N is for Naked

1. being without clothing or covering; nude.
2. defenseless; unprotected; exposed.

Despite the fact that GenPink is well pink and I mention bras in my intro the majority of the posts on this blog are fairly unisex. With that being said, this is my disclaimer that this is a female specific post. I’m sorry guys I know with the word naked in the title how could this post not be for you. :D Perhaps I’ll make it up to you in the future.

This guest post was written by Karly Randolph Pitman, a writer, speaker, blogger, and mother of four, offers encouragement for women at First Ourselves.

My 20s were spent in a perpetual quest for skinniness, a relentless pursuit of wearing a size 2. I hated my body. I loathed it. I so desperately wanted it to be…perfect.

Is it any coincidence that my 20s were also full of depression, low self-esteem, and feelings of worthlessness?

At the time, I thought it didn’t matter that I hated my body. After all, I was in good company: most other women I know did, too. I thought the only person I was hurting was myself.

I was so wrong.

Hating my body didn’t just affect me; it affected every woman. Do you despise our culture of female body hatred, of the incessant pull towards physical perfection? I helped create that. Maybe you have, too.

Every little girl on a diet? She was simply following in my footsteps.

I look at my daughters, one a beautiful little girl; the other, a beautiful young woman on the cusp of adolescence. They are fortunate, and blessed to live in modern times. Their foremothers have paved the way for them, clearing the obstacles that hindered earlier generations: They can vote, they have a voice; they can own property. They will witness the first woman in the Oval Office.

So what will prevent my girls from pursuing their dreams? What will keep them trapped? What will stunt their growth? Buying the lie that they are what they look like; that they have to be super skinny to be beautiful, that they must loathe and control and shape their female form into something unnaturally unattainable to be okay. The other freedoms won’t matter, if they aren’t free in their mind: free to love and accept themselves.
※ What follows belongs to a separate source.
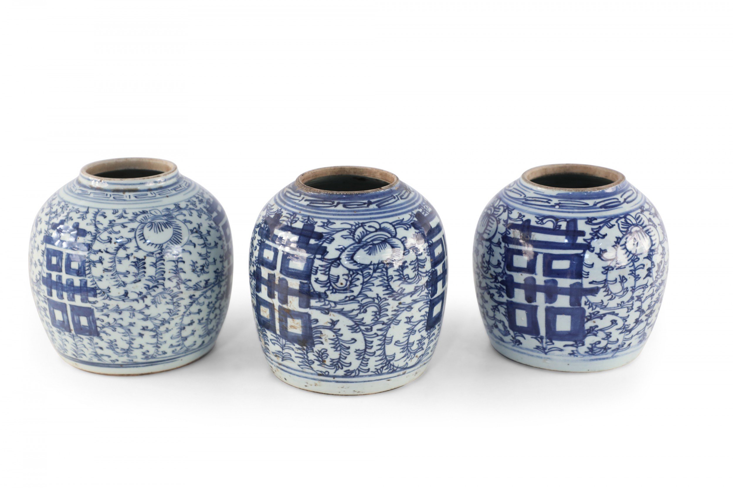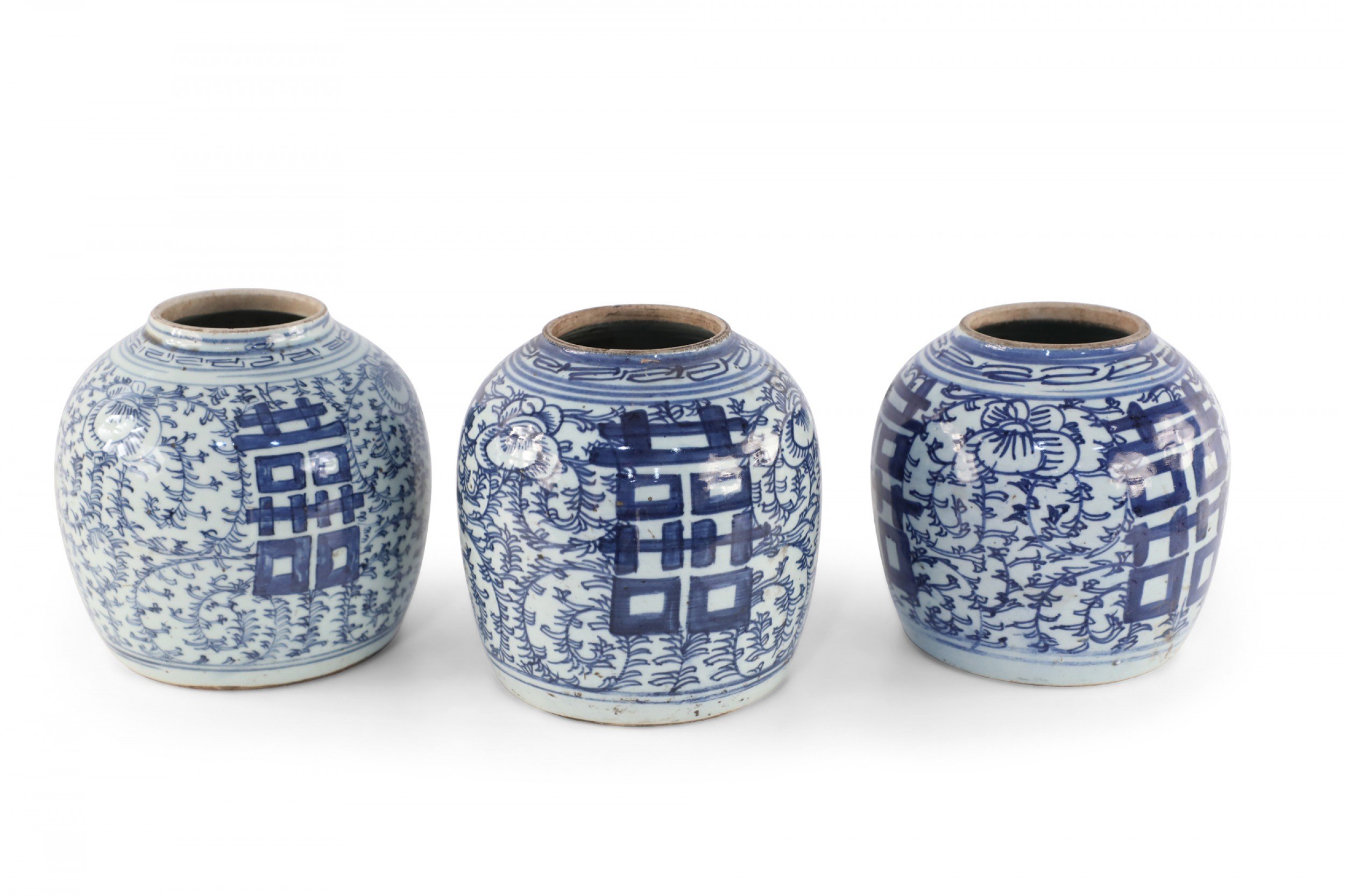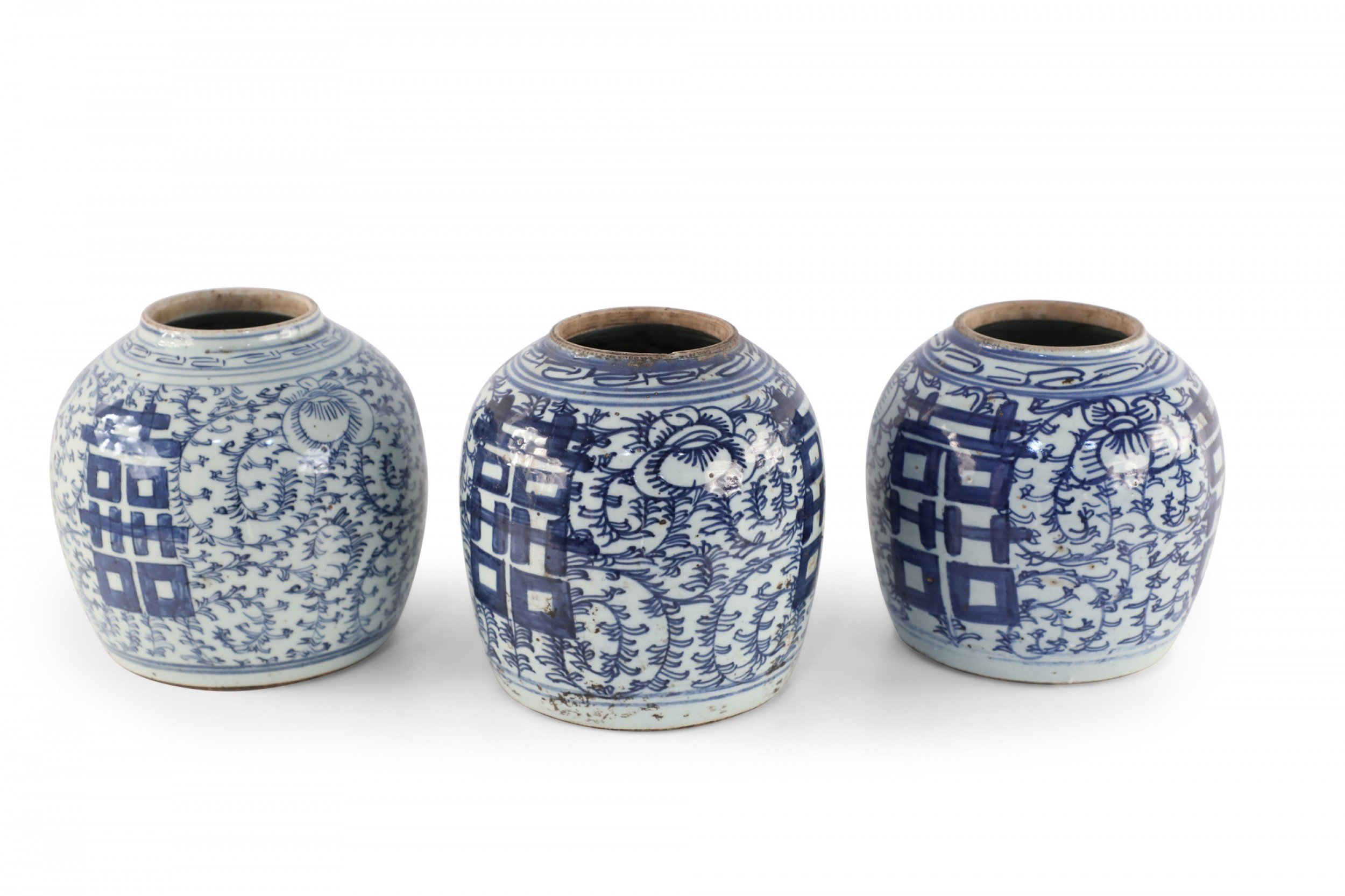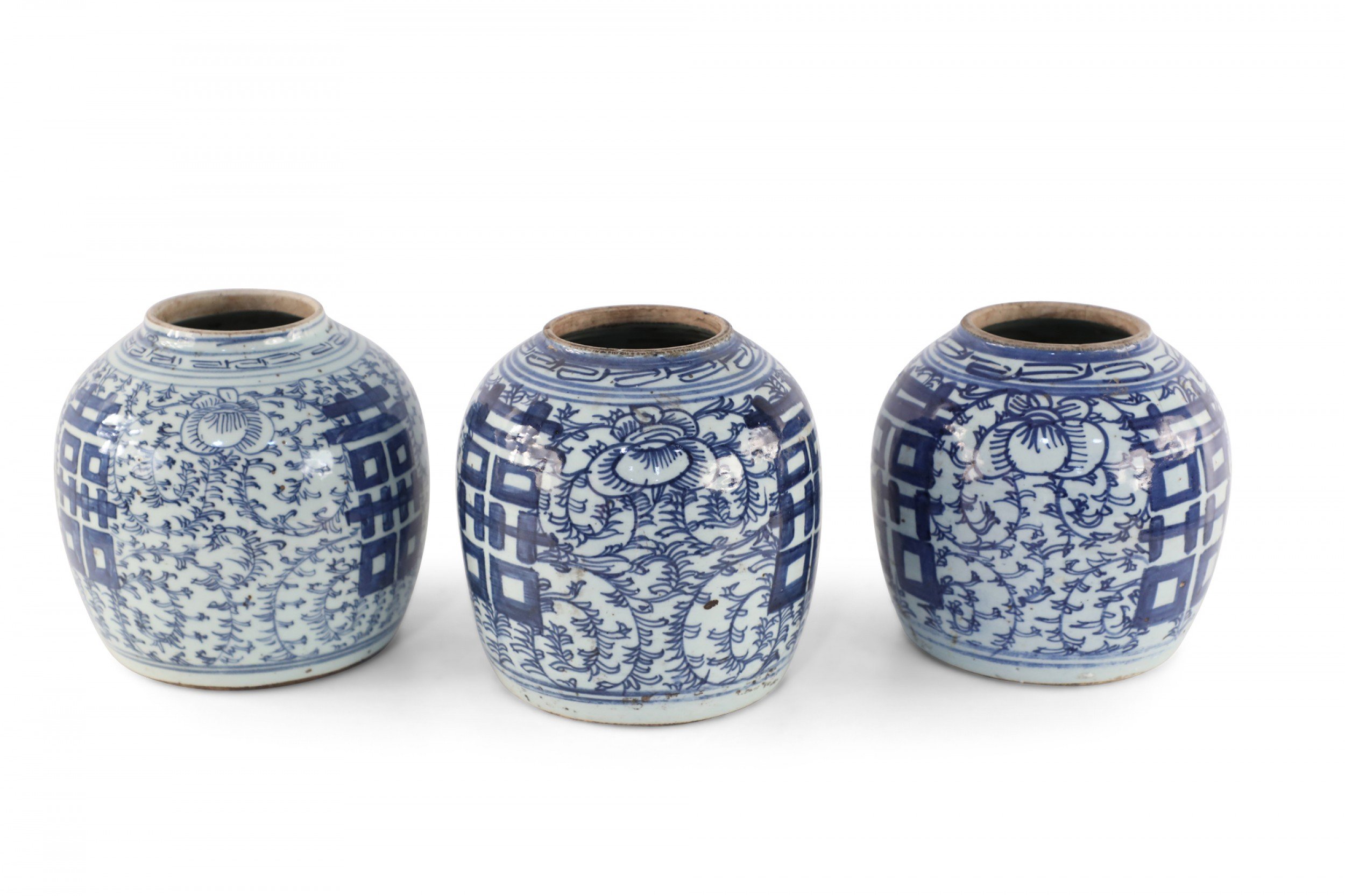 3 Antique Chinese (Early 20th Century) similar porcelain ginger jars with blue floral designs around bold, centered characters and geometric bands leading to unglazed rims (jars vary slightly in size, pattern, and color) (PRICED EACH)

I have the power to change that. You do, too. That is why, as a woman, loving your body is some of the most important work that you can do.

It’s important because if it remains unaddressed, it will sabotage anything else you try to do. It’s scary to put yourself out on a limb, to offer your pearls to the world, and hope that it appreciates their value. It’s even scarier if your confidence is undermined, if you’re thinking of all the ways your body doesn’t measure up.

It’s important because you can’t separate your body from the other parts of yourself. You can’t love yourself and hate your body.

It’s important because you can’t be free and clear to love and accept others unconditionally, if you’re not loving and accepting, first, towards yourself.

It’s important because you can’t be the woman, daughter, friend, or woman you wish to be, if you’re consumed about thoughts about your body.

It’s important because hating your body keeps you stuck. It keeps you in bondage, just as surely as violence, sexism, and injustice does.

It’s important because the world needs our sacred femininity.

It’s important because we can’t fix the “big” problems – war, hatred, genocide, or violence – until we first heal these issues internally, in our battle with ourselves.

If you think the world would be a better place if more women ran it, think about how we could run it if we weren’t so preoccupied on things that ultimately don’t matter. Try it from this perspective: if you had to think of a way to suppress the women of the world, what better way to do so than by feeding an obsessive distraction with appearance, so that women can’t focus their energy on what truly needs their help and devotion.

Let’s create a world where little girls aren’t dieting in kindergarten. Let’s create a world where emaciated women are not the ideal. Let’s create a world where we celebrate our bodies by using them to make the world a better place.

Let’s create our alternate universe.

First, ourselves: then, the world.

2 thoughts on “N is for Naked

  1. This one really struck a chord with me. I think that the whole body-fixation really comes into play in the twenties. Not sure why that is, but I see it in all my friends, my sisters…there are only a few people I know who never seem to comment at all on how they wish they were thinner. I hate how much I think about it, but then I can’t stop it even when I decide, “Today, I love my body”. It’s odd, because it’s almost unheard of to be completely at peace with your body – thighs, curvy tummy, size 6-16 and more.

    I truly hope things change – in the media, in our own minds, in the world.

    My nine year old sister was commenting on how she has tummy rolls, when she the most petite, skinny thing you’d ever see. I hate to think that her older sisters were the ones that taught her to look at herself in that way…and the sad thing is, I think we are to blame.

    It’s going to take a whole lot more than a few “normal size” models and those glorious Dove ads to change things, and I’m not sure where it is heading at this point…but we can only try our best to love ourselves first, and then hopefully the rest will come.